There are currently six head coaches of color in the league: Mike Tomlin of the Steelers; Todd Bowles of the Tampa Bay Buccaneers; DeMeco Ryans of the Texans; Mike McDaniel of the Dolphins; Robert Saleh of the Jets; and Ron Rivera of the Washington Commanders. The number has not increased since last season. Ryans, who replaced Smith in Houston, was the only Black coach hired for any of the five open positions this winter.

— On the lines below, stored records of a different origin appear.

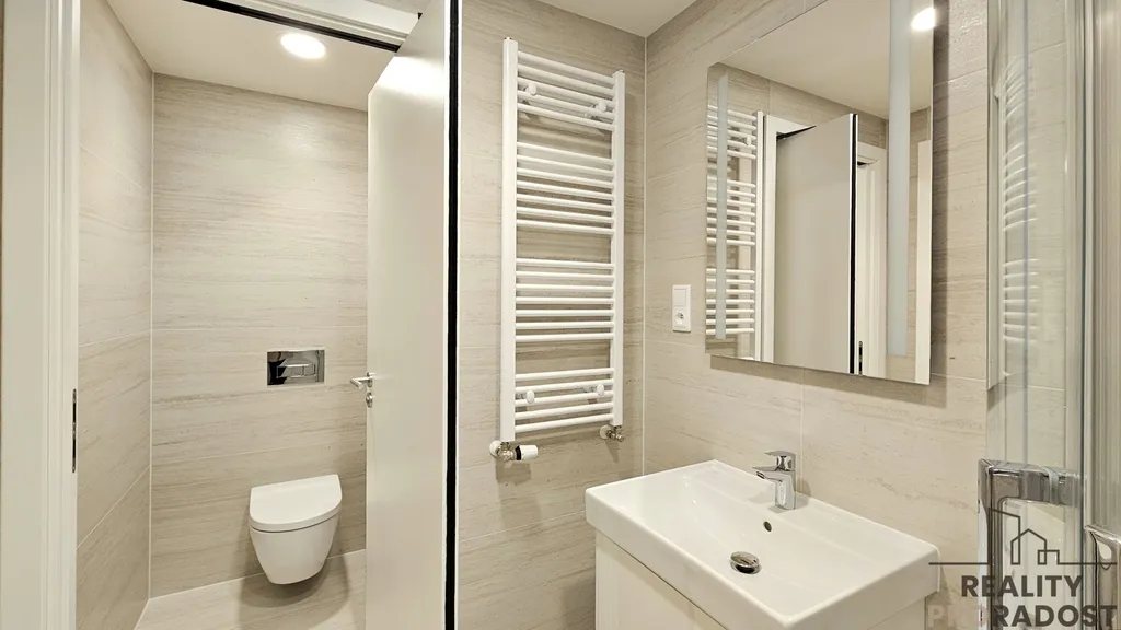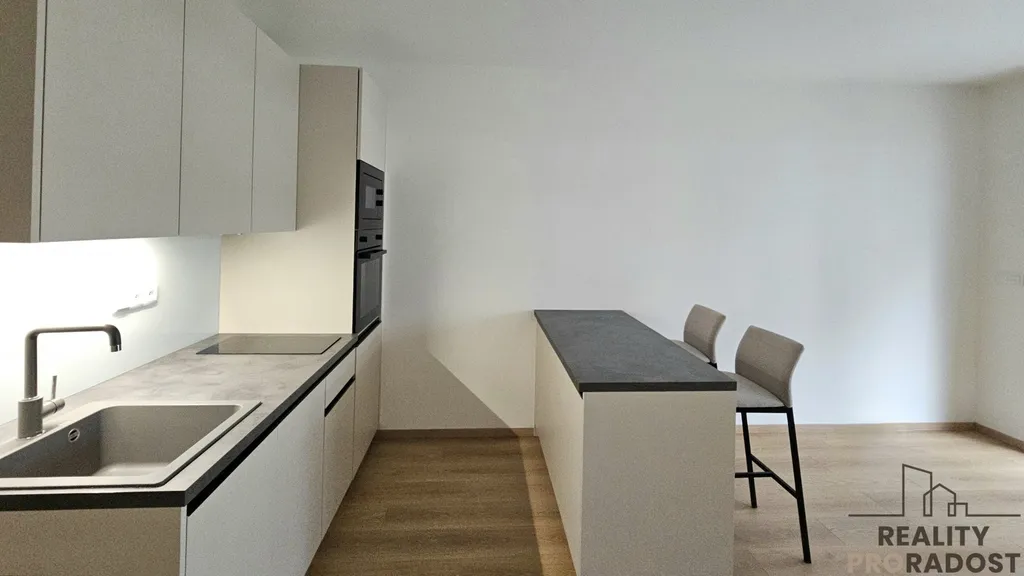 Dispozice bytu tvoří vstupní chodba vybavená šatní skříní, botníkem a věšákovou stěnou, koupelna se sprchovým koutem, samostatné WC a obývací pokoj s novou kuchyňskou linkou. Kuchyň je vybavena varnou deskou, elektrickou troubou, mikrovlnnou troubou, myčkou, lednicí a dřezem. Byt je proveden z kvalitních moderních materiálů a nabízí komfort nového bydlení.
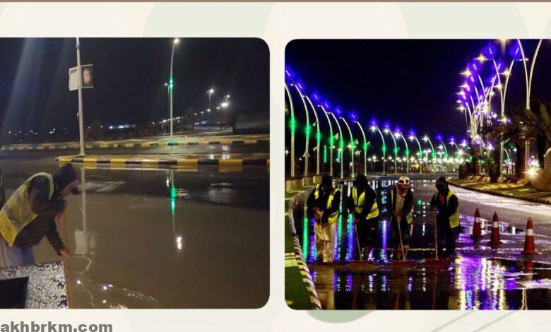 وقام “الجباب” بتوجية الفرق الميدانية بجولة تفقدية على أماكن تجمع المياه بجميع الأحياء ومتابعة سحب مياه الأمطار المتجمعة بالمناطق غير المخدومة بشبكات تصريف مياه الأمطار، كما يجري العمل حاليًا بكامل طاقة البلدية لسرعة سحب مياه الأمطار بدءاً بالطرق الرئيسية.
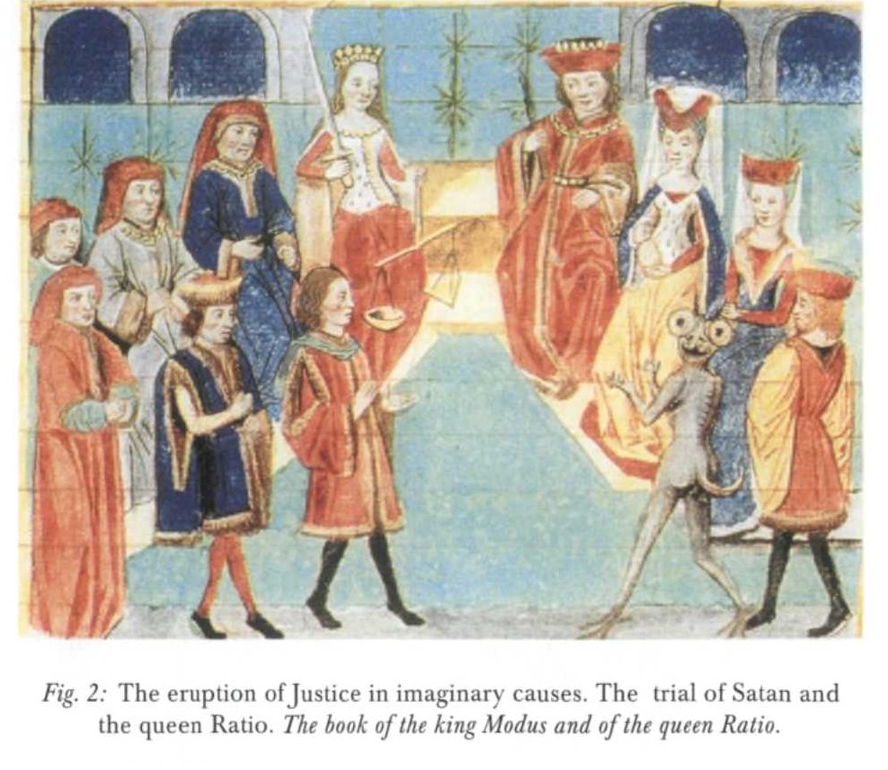 depicted as clear-sightedly considering the merits of the cases before her . Medieval images of justice based on figures of Christ, St. Michael, or secular rulers likewise provided them with the ability to make their judgments on the basis of visual evidence.
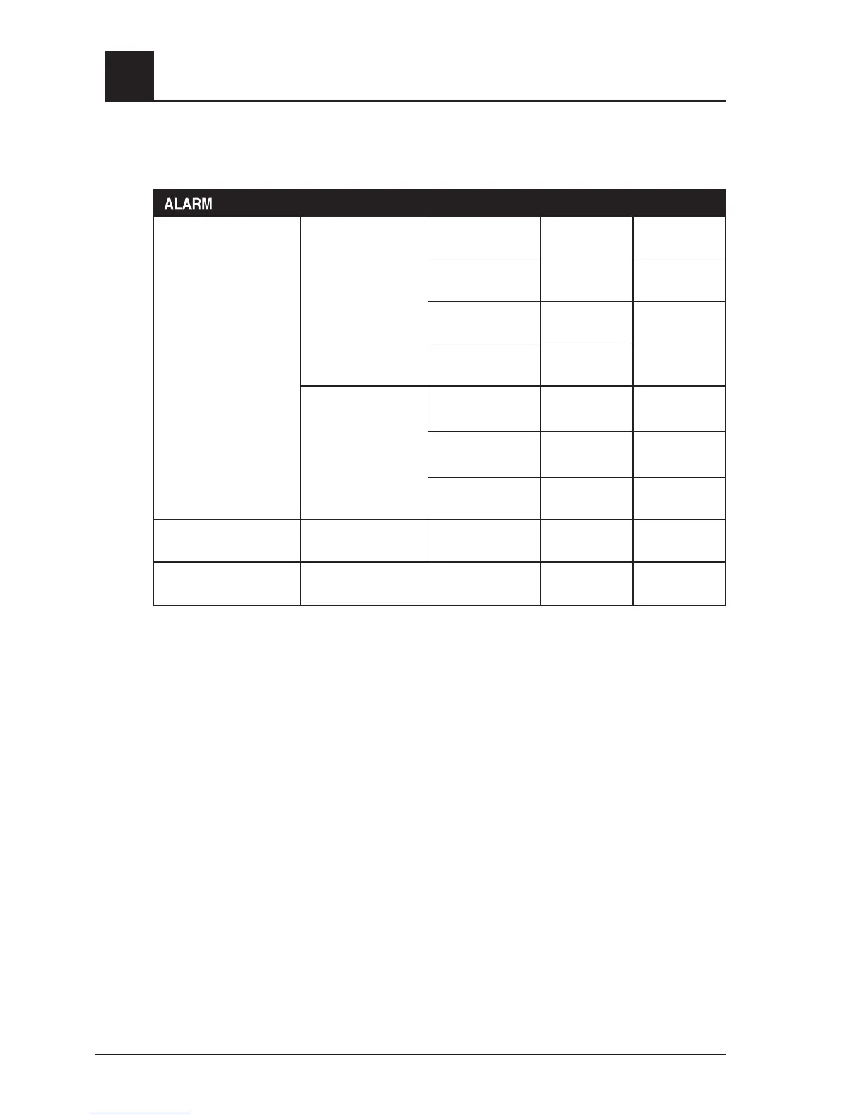 NOTE: If there is a loss of power for any length of time, the Alarm settings will be set back
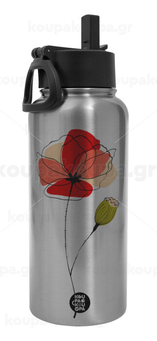 Red poppy flowers papaver, Metal mug thermo Silver with Straw and Spout Lid (Stainless steel), double wall, 950ml
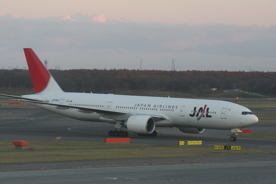 JL4707/4708便で関空から飛来した、B777-200ER(JA706J)。

The league has generally been successful at steering legal challenges into arbitration — where proceedings are private — because of the broad jurisdiction in the terms of employment for all players, coaches and other league personnel. But the league has settled cases in arbitration, including multimillion dollar payments to the former San Francisco 49ers quarterback Colin Kaepernick and his former teammate Eric Reid, Black players who filed a grievance claiming that they were blackballed because they knelt during the playing of the national anthem to protest racist policing.
Last year, a state court judge in Nevada ruled that the N.F.L. could not compel the former Raiders Coach Jon Gruden into arbitration. Gruden had accused the league of leaking emails in which he shared racist, misogynist and homophobic comments, which led to his being fired by the team. In January, the Nevada State Supreme Court paused the case to give the N.F.L. time to prepare an appeal.